The latest assault from the energy lobbyists in charge of the Cabinet comes in the form of "energy corridors" — 6,000 miles of pre-approved rights of way, more than half a mile wide, for pipelines, power lines and whatever else it will take to carry electricity, along with non-renewable resources, to market.

Impetus for this plan came from a Congress still in Republican hands. Luckily, its implementation already is a year behind schedule. One reason for the corridor-plan delay is that, in its first-draft form, it was even more horrendous. Most of the corridors in the latest plan are along existing roads — but there are plenty of shortcuts where cars can't go — over scenic hills and down dales serving as wildlife habitat. And who can trust this administration not to change course for corporate convenience?

The plan is still bad — and the longer it takes to be jammed down Westerners' throats, the better the odds that the next administration and the next Congress can reduce it to bite size.

It's 20th-Century thinking, linked to fossil fuels at a time when renewable energy and other alternative sources at last are getting the serious attention they should.

Among the lands in the path of the corridors are six national wildlife refuges, three national parks, seven national monuments and more than 60 current and proposed wilderness areas. In New Mexico, the impacted areas include the Sevilleta National Wildlife Refuge and the Organ Mountain foothills. Over in Utah's part of the Four Corners, the Grand Staircase-Escalante National Monument, created over the strident opposition of Big Energy, would be sliced by a corridor.
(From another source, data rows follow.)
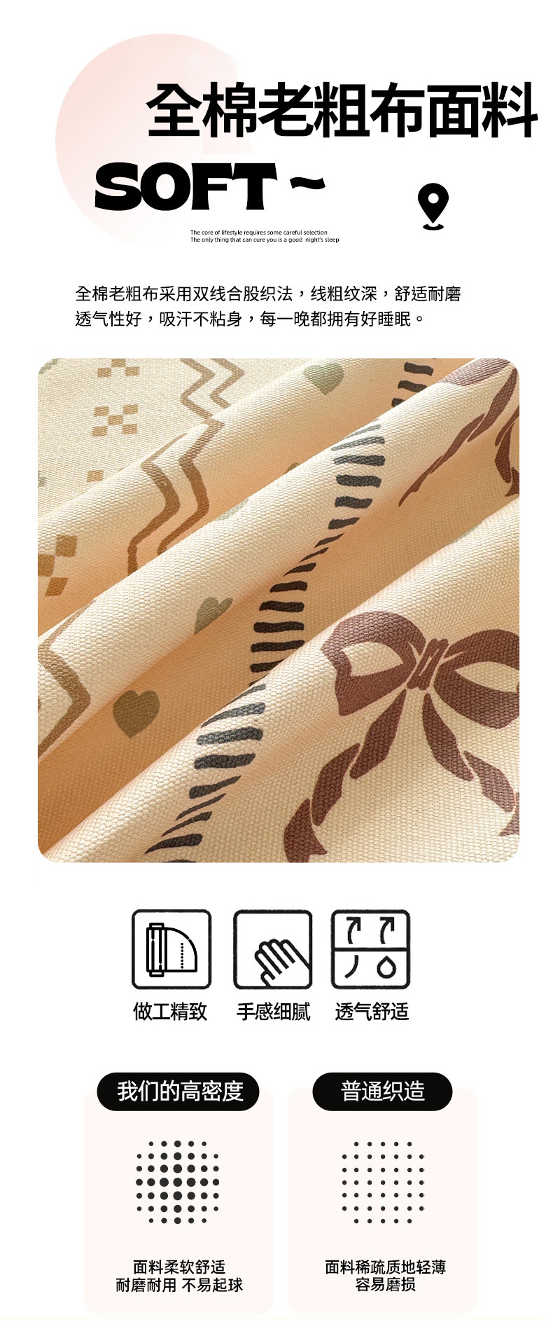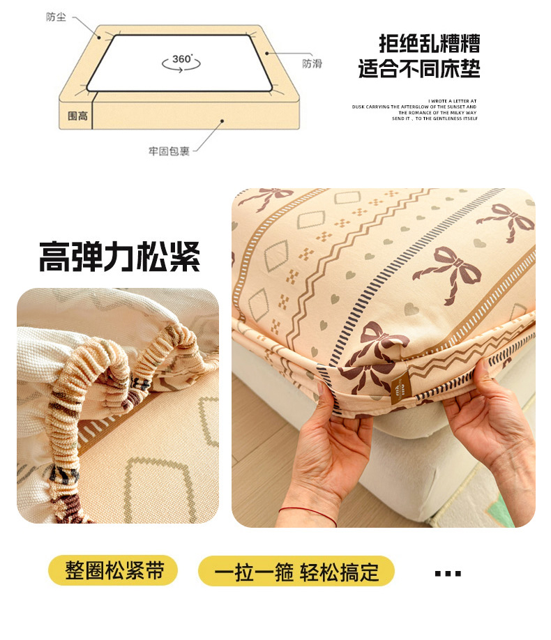 商品名称:女子家纺 2026新款全棉老粗布床笠 幸运结
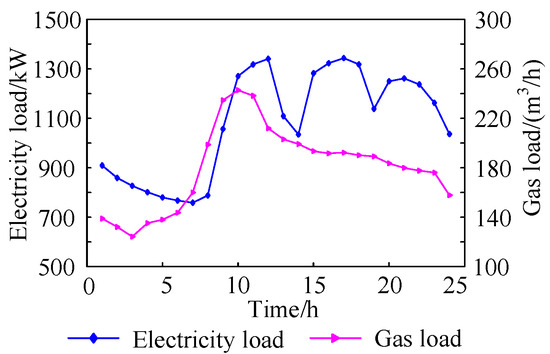 In this study, the capacities of WT, MT, PV, ES, GS, P2G and CC in the IEGES are the variables, and the cost parameters of each type of equipment are obtained from references [27,28]. The relevant operating parameters are shown in Table 1. The annual wind speed, solar intensity as well as the electricity and gas loads on a typical day are derived from the actual operation data from Hebei Province, China, which are shown in Figure 2 and Figure 3. Moreover, the K-means clustering method is adopted to reduce the computational complexity of the planning problem by clustering the 8760 h time-series curves into several typical daily curves. Specifically, the power output curves and the corresponding probability of the typical scenario are shown in Figure 4 (taking electricity load as an example). Note that in this study, we set the number of clusters to 4, and it is clear that the different clusters of electric load curves have similar shapes (which are determined by the inherent electricity consumption behavior), but differ significantly in their magnitude, e.g., the peak load of cluster 1 is nearly three times greater than that of cluster 4.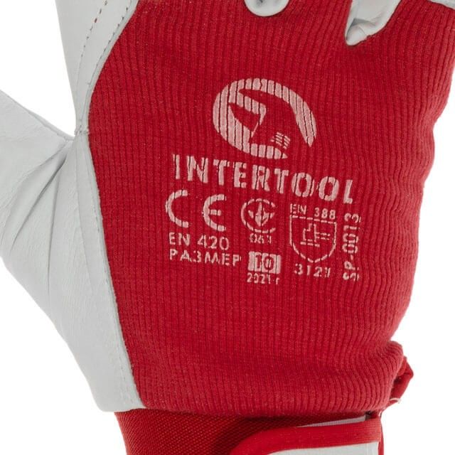 Перчатка кожаная комбинированная из ткани и высококачественной кожи с подкладкой, 10", эластичный манжет на липучке INTERTOOL SP-0013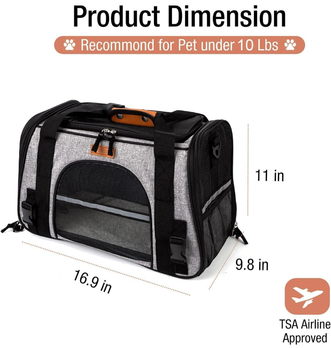 Practical and Portable: This carrier measures 16.9 x 9.8 x 11 inch (LWH). Recommend for pets around 10 lbs (4.5 kg).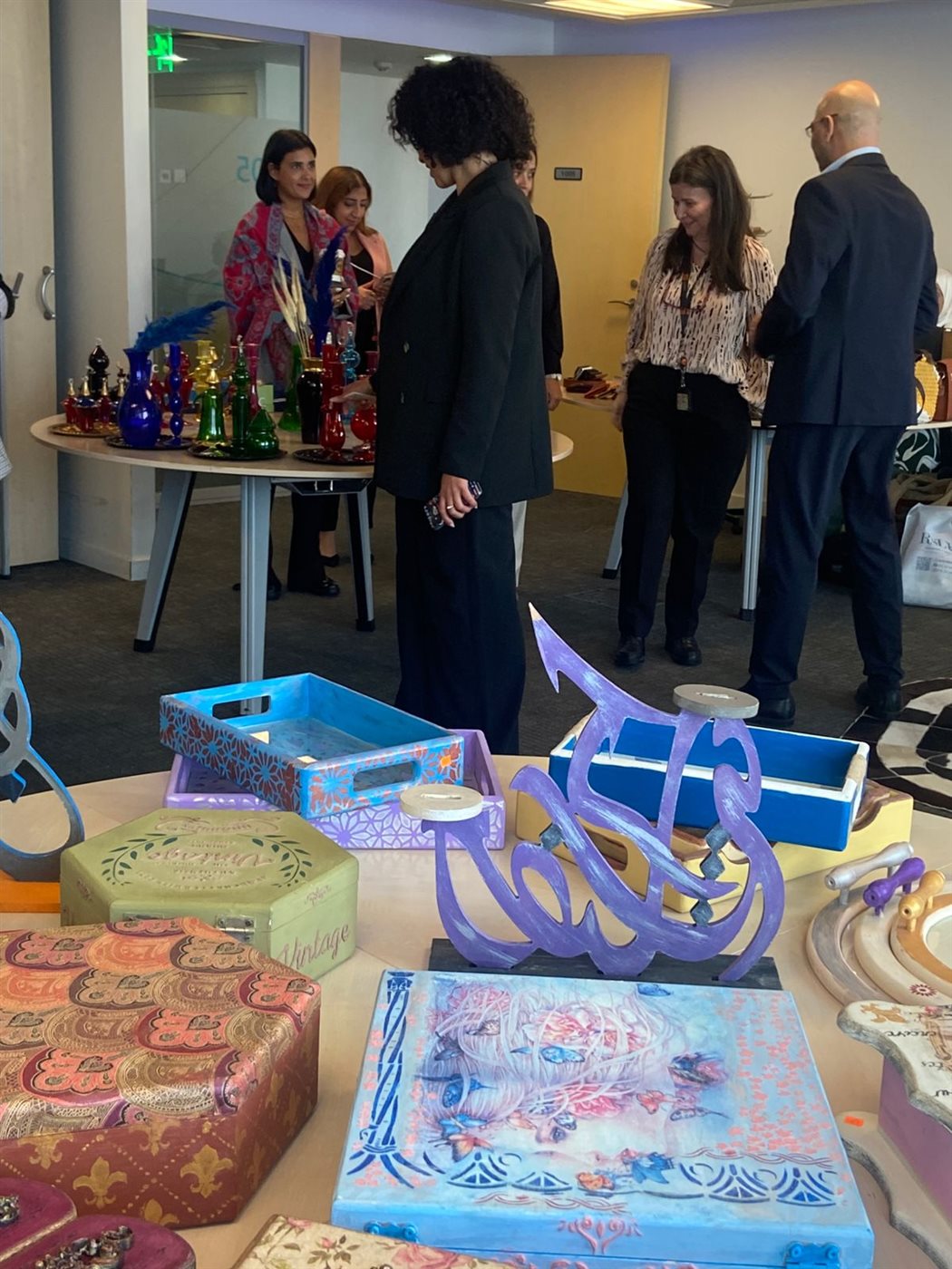 بالإضافة لوجود التحف الفنية من الزجاج ديكوباج مفروشات ملابس ولوحات خشبية بتصميماتها المتميزة والمطعمة بالأحجار والجلد الطبيعي، كذلك منتجات سيوة المتميزة بطابعها الأصيل وتصميماتها الرائعة، ووجدت المعروضات إقبالا واسعا من الحضور لما تميزت به من الجودة والأصالة.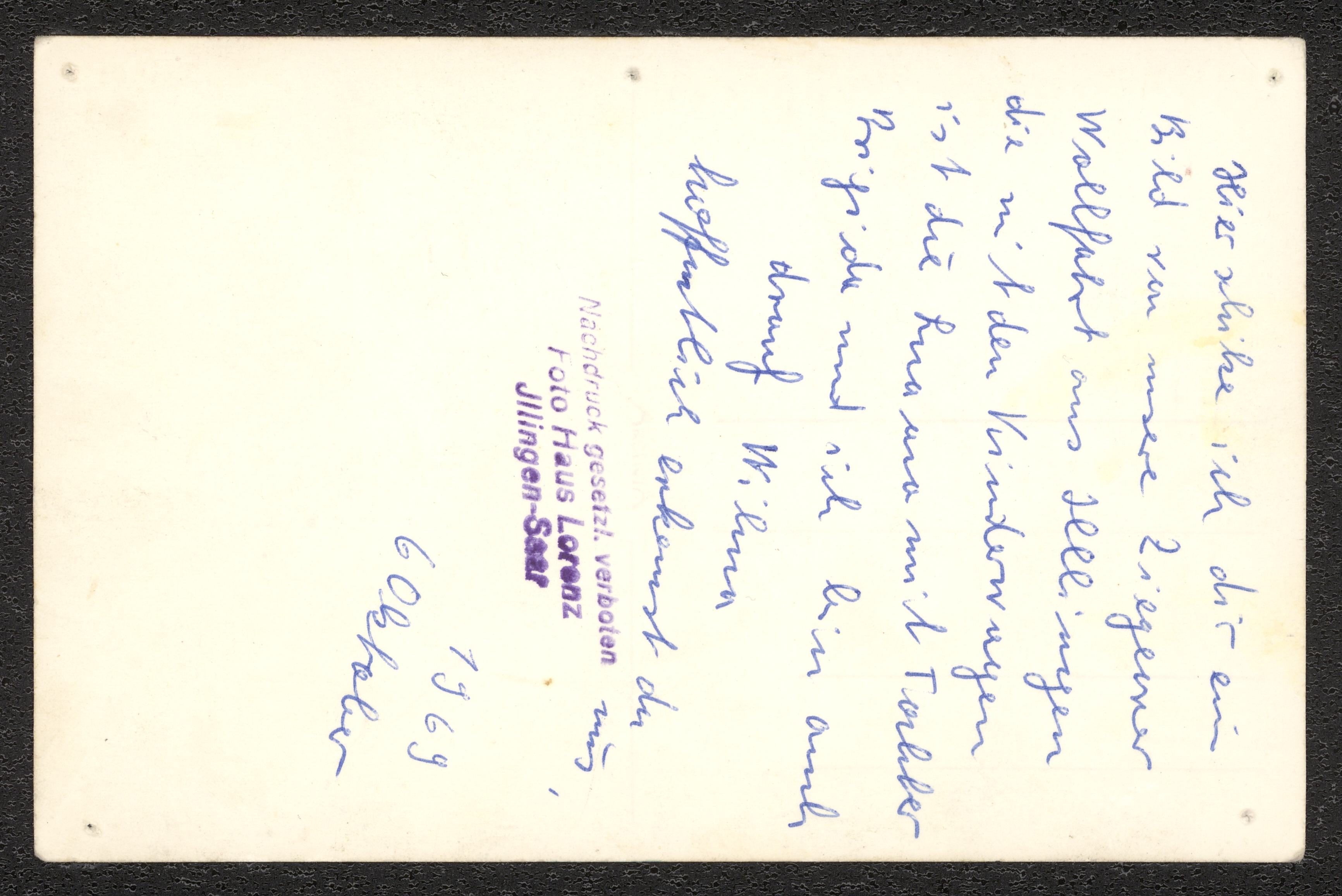 Fotografi föreställande procession i Illingen till minne av Arnold Fortuin. På baksidan hälsning på tyska skriven av (troligen) Eugen Friedrich.

National environmental organizations, naturally, have raised their voices against the plan. "The Energy Department needs to seriously evaluate alternatives to minimize the number of corridors and maximize use of renewable energy, and it should include requirements to presumptively limit all projects to designated corridors," says the Wilderness Society.

Oh, shut up, say the Bushies; this is in the national interest.

Well, it's certainly in someone's interest. And as long as petro-plutocrats George W. Bush and Dick Cheney occupy the two highest offices in the land, the land isn't safe from the oil, gas and coal industries.

The plan is still in the public-comment period — and at some point it'll need money from Congress. That's where Jeff Bingaman, chairman of the Senate Energy and Natural Resources Committee, and Tom Udall, a member of the House Appropriations Committee, should demand a plan better suited to the energy policies of today and tomorrow.